**Work required**
Skip the pictures, please, and write out exactly every line from the one containing "Salut, une nouvelle" through the end of the listing below.

**Data excerpt**
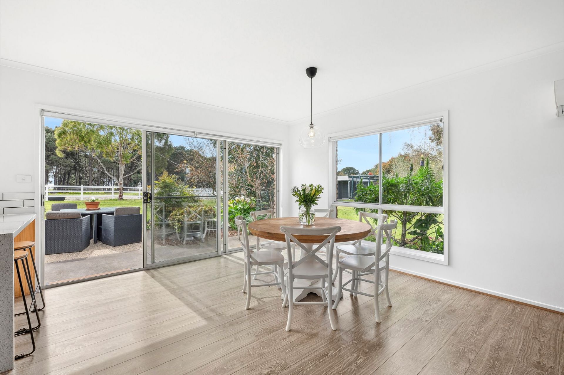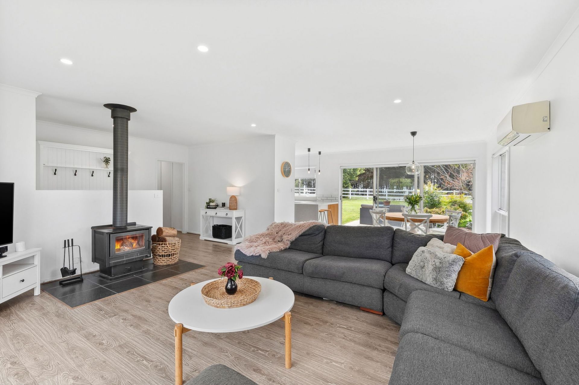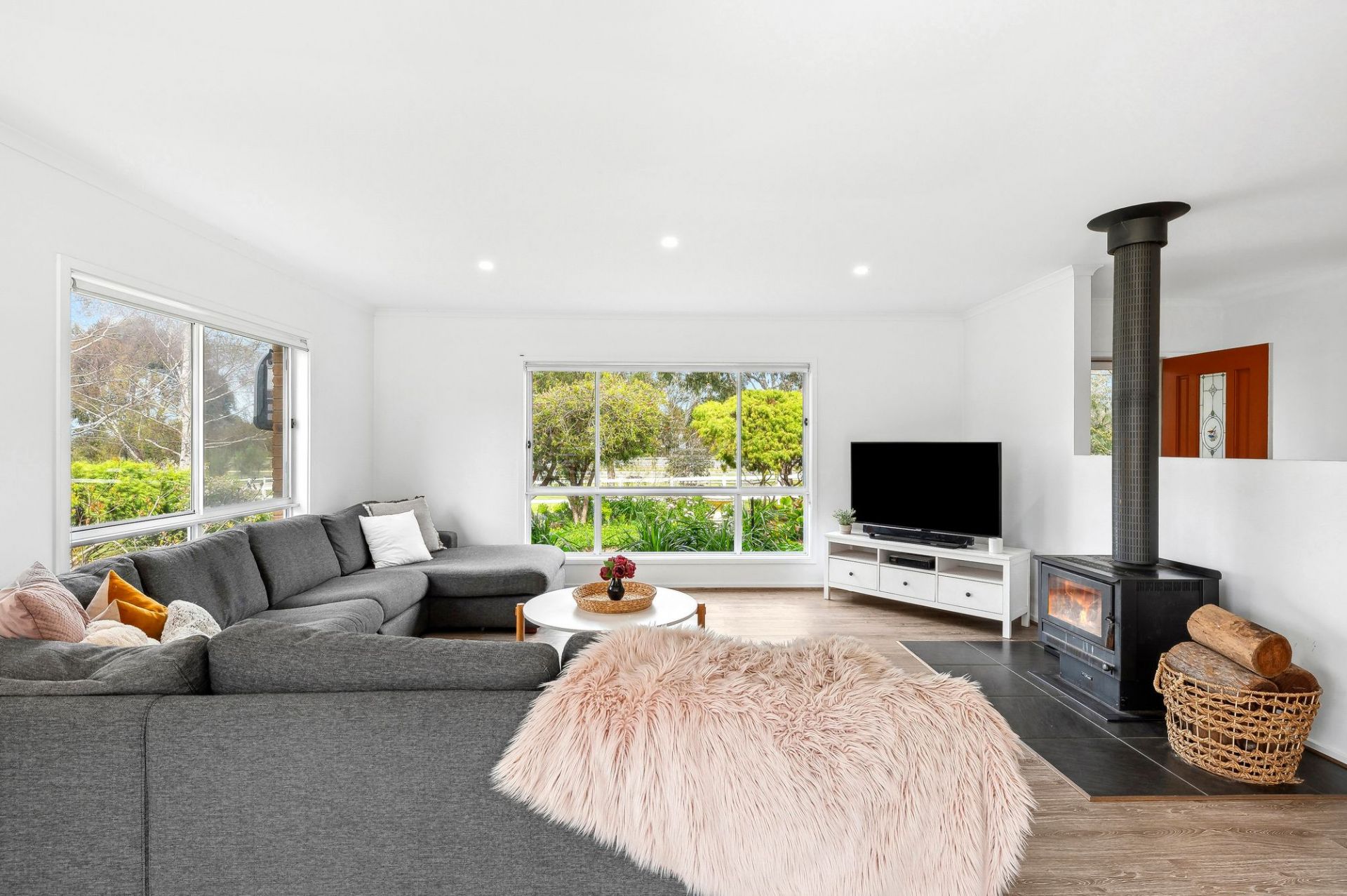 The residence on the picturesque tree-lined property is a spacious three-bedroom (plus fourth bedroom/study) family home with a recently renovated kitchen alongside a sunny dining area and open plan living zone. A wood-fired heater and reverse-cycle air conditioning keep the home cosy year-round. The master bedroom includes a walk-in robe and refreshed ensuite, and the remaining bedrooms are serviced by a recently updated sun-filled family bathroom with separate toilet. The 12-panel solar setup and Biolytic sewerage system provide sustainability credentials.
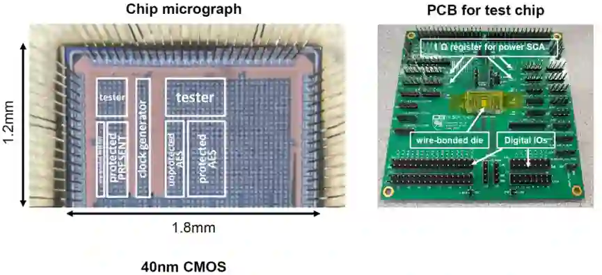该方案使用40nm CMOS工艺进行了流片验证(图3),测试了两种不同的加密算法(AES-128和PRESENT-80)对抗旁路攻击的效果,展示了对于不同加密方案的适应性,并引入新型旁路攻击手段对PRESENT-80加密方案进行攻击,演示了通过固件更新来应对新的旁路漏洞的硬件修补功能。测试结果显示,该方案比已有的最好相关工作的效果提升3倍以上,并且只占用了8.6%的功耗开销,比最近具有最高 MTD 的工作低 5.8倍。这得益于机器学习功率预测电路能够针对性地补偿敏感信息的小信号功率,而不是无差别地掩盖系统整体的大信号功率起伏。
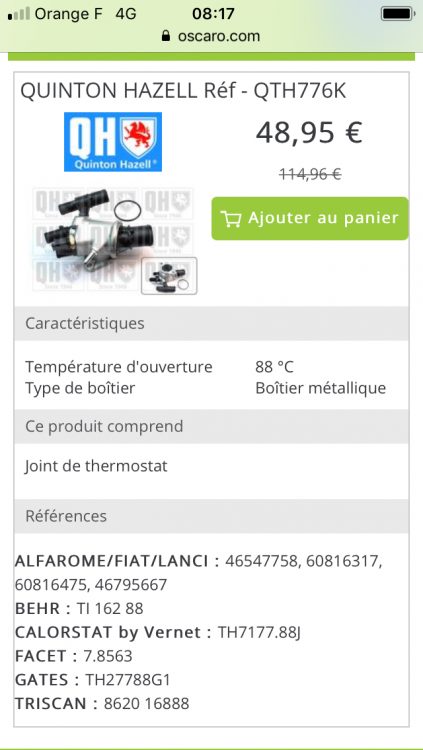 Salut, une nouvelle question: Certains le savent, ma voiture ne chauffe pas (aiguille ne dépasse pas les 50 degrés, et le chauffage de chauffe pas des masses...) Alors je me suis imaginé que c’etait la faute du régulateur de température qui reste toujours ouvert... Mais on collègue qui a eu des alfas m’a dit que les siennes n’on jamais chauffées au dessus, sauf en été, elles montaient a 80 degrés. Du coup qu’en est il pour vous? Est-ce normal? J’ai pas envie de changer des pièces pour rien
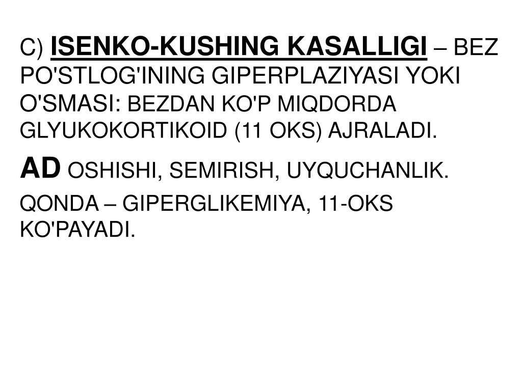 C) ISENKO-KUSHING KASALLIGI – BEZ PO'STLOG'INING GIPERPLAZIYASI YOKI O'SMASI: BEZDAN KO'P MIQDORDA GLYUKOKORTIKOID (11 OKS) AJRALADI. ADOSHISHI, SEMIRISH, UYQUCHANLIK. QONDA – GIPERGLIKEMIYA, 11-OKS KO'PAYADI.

**Reply**
 Salut, une nouvelle question: Certains le savent, ma voiture ne chauffe pas (aiguille ne dépasse pas les 50 degrés, et le chauffage de chauffe pas des masses...) Alors je me suis imaginé que c’etait la faute du régulateur de température qui reste toujours ouvert... Mais on collègue qui a eu des alfas m’a dit que les siennes n’on jamais chauffées au dessus, sauf en été, elles montaient a 80 degrés. Du coup qu’en est il pour vous? Est-ce normal? J’ai pas envie de changer des pièces pour rien
 C) ISENKO-KUSHING KASALLIGI – BEZ PO'STLOG'INING GIPERPLAZIYASI YOKI O'SMASI: BEZDAN KO'P MIQDORDA GLYUKOKORTIKOID (11 OKS) AJRALADI. ADOSHISHI, SEMIRISH, UYQUCHANLIK. QONDA – GIPERGLIKEMIYA, 11-OKS KO'PAYADI.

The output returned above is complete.